Jebakan yang Menjadi Senjata
Bau melati sintetis di ruang direksi Siska terasa mencekik, beradu dengan aroma kopi hitam yang dingin. Siska menatap layar monitor, di mana kurva tender Rumah Sakit Medika Utama bergerak naik. Baginya, angka-angka itu bukan sekadar data; itu adalah tangga untuk memanjat hierarki elit kota.
"Singkirkan Arjuna sebelum makan siang," perintah Siska tanpa menoleh. Suaranya datar, seolah sedang membuang sampah. "Dia sudah tidak berguna. Kehadirannya hanya mencemari citra keluarga kita di mata para investor."
Siska merasa aman. Arjuna hanyalah pion yang patah, menantu pecundang yang ia gunakan sebagai tumbal administratif. Namun, ketenangan itu retak saat ponsel di atas meja mahoninya bergetar. Sebuah notifikasi pesan anonim muncul: 'Audit internal tidak akan melihat detail ini, tapi pihak berwenang pasti akan menyukainya.'
Siska mendengus, menganggapnya lelucon. Namun, saat ia membuka lampiran pesan tersebut, napasnya tertahan. Itu bukan surat kaleng. Itu adalah salinan digital buku besar rahasia perusahaannya—dokumen yang seharusnya terkunci di server pusat—yang merinci setiap aliran dana dari perusahaan cangkang untuk pencucian uang tender. Tangannya gemetar. Siapa yang berani? Siapa yang memiliki akses ke data yang bahkan tidak diketahui oleh auditor pribadinya?
Di parkir bawah tanah, Arjuna berdiri di samping pilar beton, menatap layar ponselnya yang menampilkan data transaksi yang sama.

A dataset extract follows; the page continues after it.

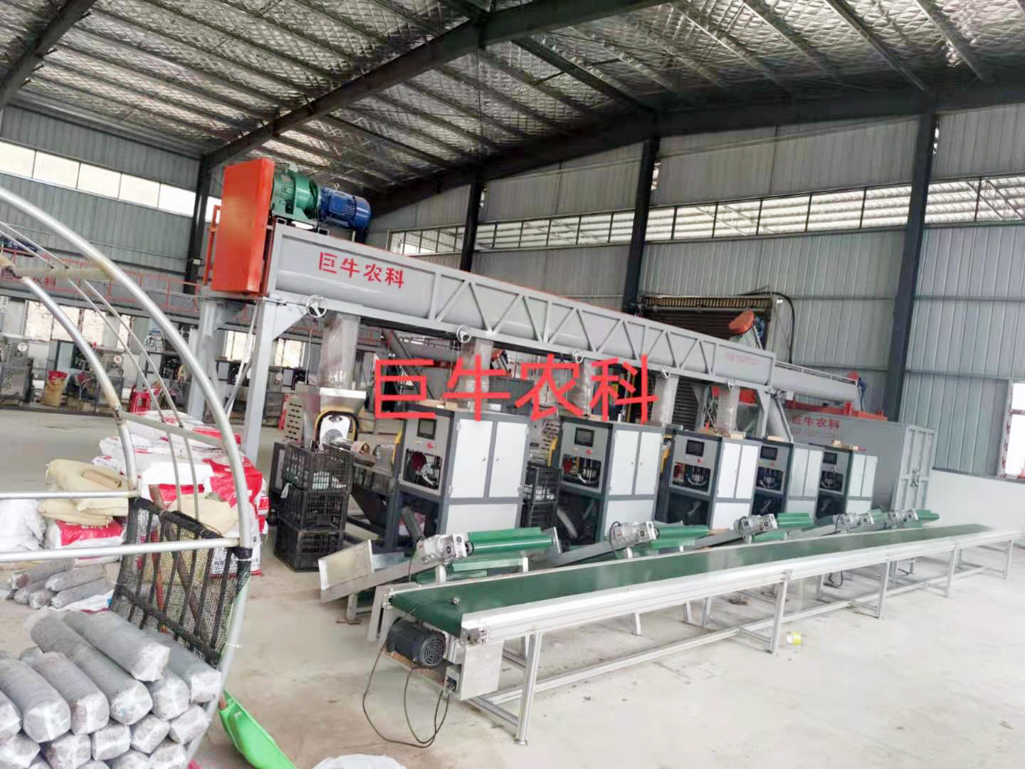 日產(chǎn)四萬袋5位工生產(chǎn)流水線配有:兩臺槽式拌料機,兩臺提升機,一臺循環(huán)分料機,五臺自動裝袋機,還有五臺扎口機,五臺斜坡輸送帶,橫向輸送帶1臺,一個配電箱。每一個環(huán)節(jié)都設(shè)計合理安排緊湊,巨龍農(nóng)科食用菌流水線具有占地省、節(jié)約人力等眾多優(yōu)點,是您的不二選擇!

Langkah kaki berat menggema—Handoko, auditor internal yang disuap Siska, muncul dengan wajah merah padam. Dua pria berbadan tegap mengikuti di belakangnya.
"Serahkan ponsel itu, Arjuna," suara Handoko berat, mencoba menutupi kegugupan.

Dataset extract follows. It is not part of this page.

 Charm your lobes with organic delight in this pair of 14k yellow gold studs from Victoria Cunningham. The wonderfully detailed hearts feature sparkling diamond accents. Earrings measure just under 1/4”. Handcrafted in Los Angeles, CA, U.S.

Arjuna tidak bergeming. "Kau pikir memecatku akan menghapus jejak pencucian uang ini?" tanya Arjuna tenang. Suaranya kontras dengan dengung lampu neon yang berkedip.

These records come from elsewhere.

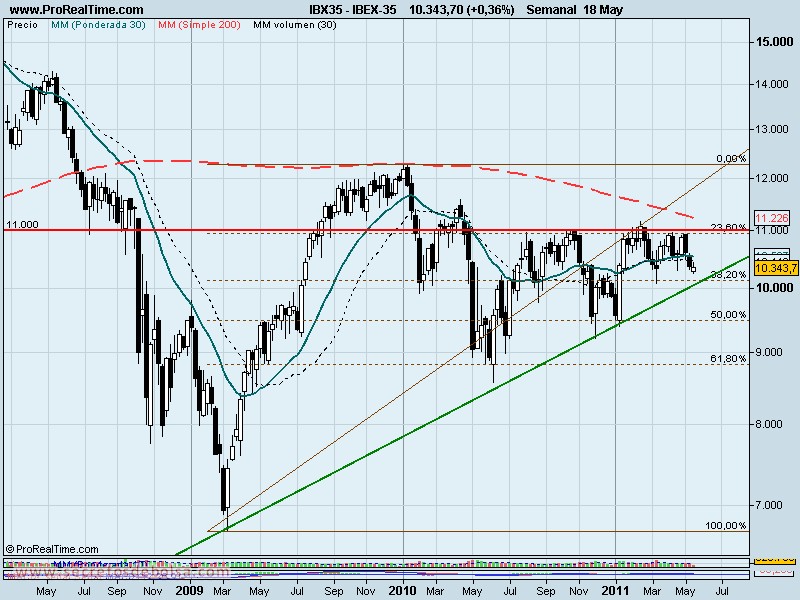 Como se puede ver en el gráfico semanal, el Ibex, desde que perdió el nivel entorno a los 11.000 puntos y con un alto volumen de negociación en abril del pasado año, lleva hecho unos 6 ataques a la zona, pero sin éxito ninguno, a la vez que ha ido consolidando un importante nivel de soporte, con cuatro puntos de apoyo, siendo el primero de ellos el que coincidió con el mínimo del índice de los últimos años, en marzo de 2009.
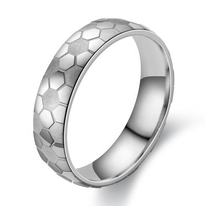 Pánský ocelový prsten zdobený dekorem fotbalového míče
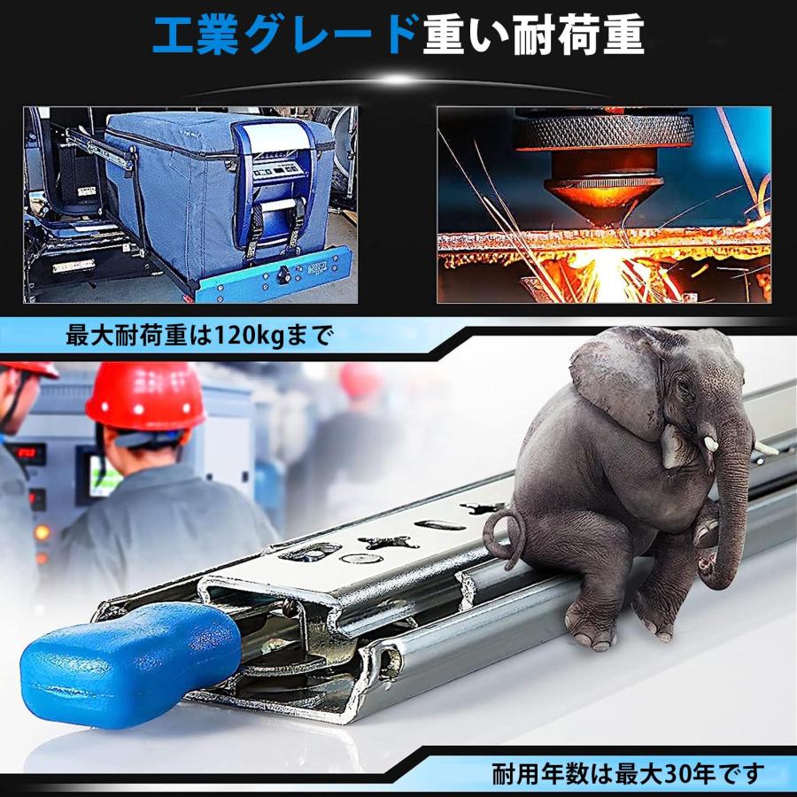 【幅広い用途】商品棚、キャビネット、産業用引き出し、RV、自動販売機など。スライドレールは高品質の冷間圧延鋼でできており、120kgの重量に耐えることができます。スライドレールは分離できません、取り付けブラケットとねじは含まれていません。

Handoko tertawa sinis, meski matanya melirik gelisah. "Kau hanya administrasi rendahan. Siska tidak akan segan melenyapkanmu."
Arjuna memutar ponselnya, memperlihatkan catatan pajak yang telah dimanipulasi oleh Handoko sendiri. "Aku tahu kau menggelapkan tiga miliar rupiah untuk menutupi hutang judimu. Jika file ini kuserahkan ke pihak berwajib, bukan hanya Siska yang tumbang. Kau akan menjadi orang pertama yang membusuk di penjara."
Handoko terdiam, kakinya lemas hingga ia berlutut di atas lantai beton yang lembap, memohon agar namanya dihapus dari daftar saksi korupsi. Arjuna menatapnya dengan dingin, otoritas yang tak terbantahkan terpancar dari matanya. Ini bukan lagi tentang administrasi; ini tentang siapa yang memegang kendali atas rantai makanan.
Di ruang kontrol rahasia, Pak Darma mengamati adegan itu melalui layar monitor. Ia meletakkan cangkir tehnya dengan denting pelan. "Biarkan saja," gumamnya. "Jika dia ingin mengambil kembali takhtanya, dia harus membakar jembatannya sendiri. Biarkan Siska berpikir dia masih memiliki kendali, sampai saat palu lelang jatuh."
Lobi Balai Lelang Metropolis kini menjadi saksi bisu ketegangan yang memuncak. Arjuna melangkah masuk dengan setelan jas sederhana yang tajam, membiarkan tatapannya mengunci Siska yang berdiri di sudut ruangan. Siska, yang masih gemetar karena pesan anonim tersebut, tersentak saat melihat kehadiran Arjuna. Baginya, pria itu bukan lagi menantu pecundang, melainkan ancaman nyata yang siap meruntuhkan seluruh status sosialnya di depan para elit kota. Arjuna tidak lagi bersembunyi; dia datang untuk menagih hutang martabat.